秋の爽やかで清澄な空なのに、異臭が漂う。ん、自身で放った覚えはない。ん、ん、あっ! 屁っぴり虫だ。たちまち脳みその回路が繋がり、いやらしさがこみ上げてきて、同時にこの世の終わりを告げるような、あの匂いを想いだした。
慌てて衣服を払ってみたが、ぽとりともせず、あのにっくき奴がどこに居るのかわからない。匂いはすれども姿は見えぬ・・・恐ろしいようなが気がして、急いで部屋に入り、きっちりと網戸を閉めて、椅子に落ち着いた。が、まだ匂う。しつこい。
なにげなく部屋を見回して、居た! 薄茶色の亀の形をした甲羅を見せて、網戸に張り付き、なんでもないような威張った顔をしている。うぬぅ~~、許せん、断じて許してなるものか、覚悟しろ~、念仏をとなえろ~。
テッシュペーパーを2枚抜き取り、そろりと近づき、えいやっと引っ掴んで包み丸めた。生け捕りであるから奴はまだ生きている。それを持って急いで下に降り、水道の水をじゃあじゃ掛け、ドザエモンにしたうえ台所の生ごみの下に突っ込んで、ようやく一息ついた。
が、引っ掴んだ指に鼻を近づけると、臭え~。身も世もないような、地獄の底から匂ってくるような、いやらしい、下品な、忌まわしい匂いが消えない。
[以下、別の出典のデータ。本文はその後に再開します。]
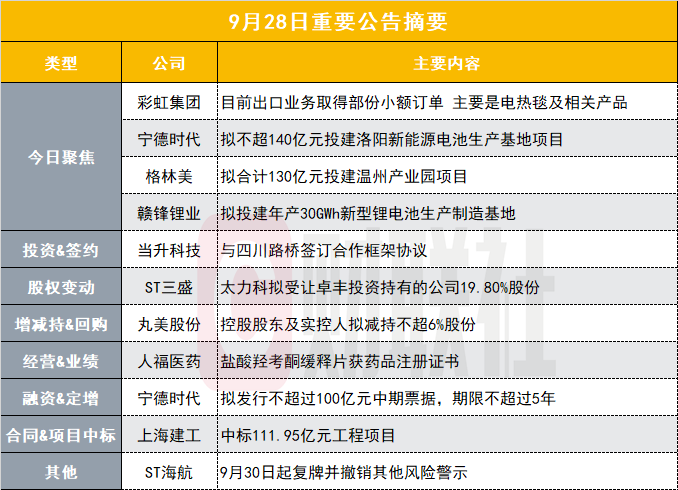 宁德时代公告,拟在河南省洛阳市伊滨区投资建设洛阳新能源电池生产基地项目,项目总投资不超过人民币140亿元。同日公告,拟在全国银行间债券市场注册发行不超过100亿元中期票据。

背中がぞくぞくしてたまらず風呂場に行き、着ていたものを洗濯籠にぶち込み、シャワーを浴びた。
そうしてやっと落ち着き、子供の頃、こいつに十分に痛めつけられたことを想いだした。面白半分にこいつを捕まえたり投げ飛ばしたりし、そのつど、嫌になるような匂いに辟易し、生涯二度とこいつにかまうのは止そうと決めた。
それからずいぶん長い間、相まみえることもなく、お互いの平和が続いていたのに、ひょっこりとこんな出会いをしてしまった。なにがなんでも、ゴキよりもなによりも、こいつが嫌いであり、なんでも出会えば途端に不潔になるような気がするのである。